ECLI:NL:RBAMS:2013:BZ3523
Rechtbank Amsterdam
- Eerste aanleg - enkelvoudig
- Rechtspraak.nl
Vordering tot voortzetting huurovereenkomst na overlijden van de huurder
In deze zaak vordert een 52-jarige zoon de voortzetting van de huurovereenkomst na het overlijden van zijn 93-jarige moeder, die de contractuele huurder was. De procedure wordt gecompliceerd doordat de zoon tijdens de rechtsgang onder curatele wordt gesteld. De vordering wordt voortgezet tegen de curator, die optreedt namens de zoon. De curator stelt de vordering in tegen de beheerder van de woning, Keij en Stefels Beheer BV, in plaats van tegen de verhuurder zelf.
De kantonrechter heeft in een tussenvonnis van 9 oktober 2012 de procedure geschorst vanwege de onder curatele stelling van de zoon. Vervolgens heeft de curator de beheerder opgeroepen om de procedure voort te zetten. De zaak komt uiteindelijk voor vonnis op 12 februari 2013. De kantonrechter oordeelt dat de vordering niet ontvankelijk is, omdat deze niet tegen de juiste partij is ingesteld. De curator heeft de vordering ingesteld tegen de beheerder, terwijl de verhuurder, die de huurovereenkomst met de moeder heeft gesloten, niet in de procedure is betrokken.

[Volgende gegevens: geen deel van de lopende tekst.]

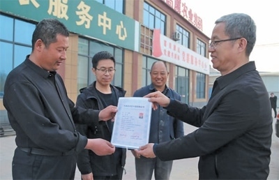 山東省平原縣鄉(xiāng)村振興服務(wù)中心工作人員為農(nóng)民農(nóng)藝師王篤春(左一)頒發(fā)證書(shū)。辛 凱攝
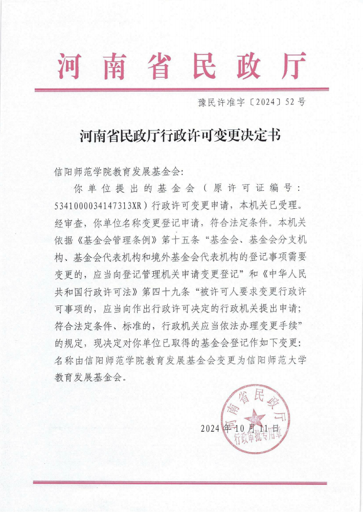 2015年9月30日,河南省民政厅印发《河南省民政厅关于同意信阳师范学院教育发展基金会设立登记的批复》(豫民函〔2015〕244号),并于2015年10月10日颁发《基金会法人登记证书》(豫民基证字第0119-F号),我校基金会正式成立。此后,校友联络办公室积极推进后续相关业务手续的办理,取得了税务登记证,开通了基金会银行对公账户,基金会各项工作得以有序开展。

De kantonrechter concludeert dat de zoon, nu vertegenwoordigd door de curator, niet kan worden ontvangen in zijn vordering tegen de beheerder. Dit leidt tot een proceskostenveroordeling, waarbij de curator wordt veroordeeld in de kosten die aan de zijde van de beheerder zijn gemaakt. De proceskosten worden begroot op € 350,00 voor het salaris van de gemachtigde en € 76,17 voor explootkosten. De beslissing van de kantonrechter wordt uitvoerbaar bij voorraad verklaard, wat betekent dat de kosten onmiddellijk moeten worden betaald, ongeacht een eventueel hoger beroep.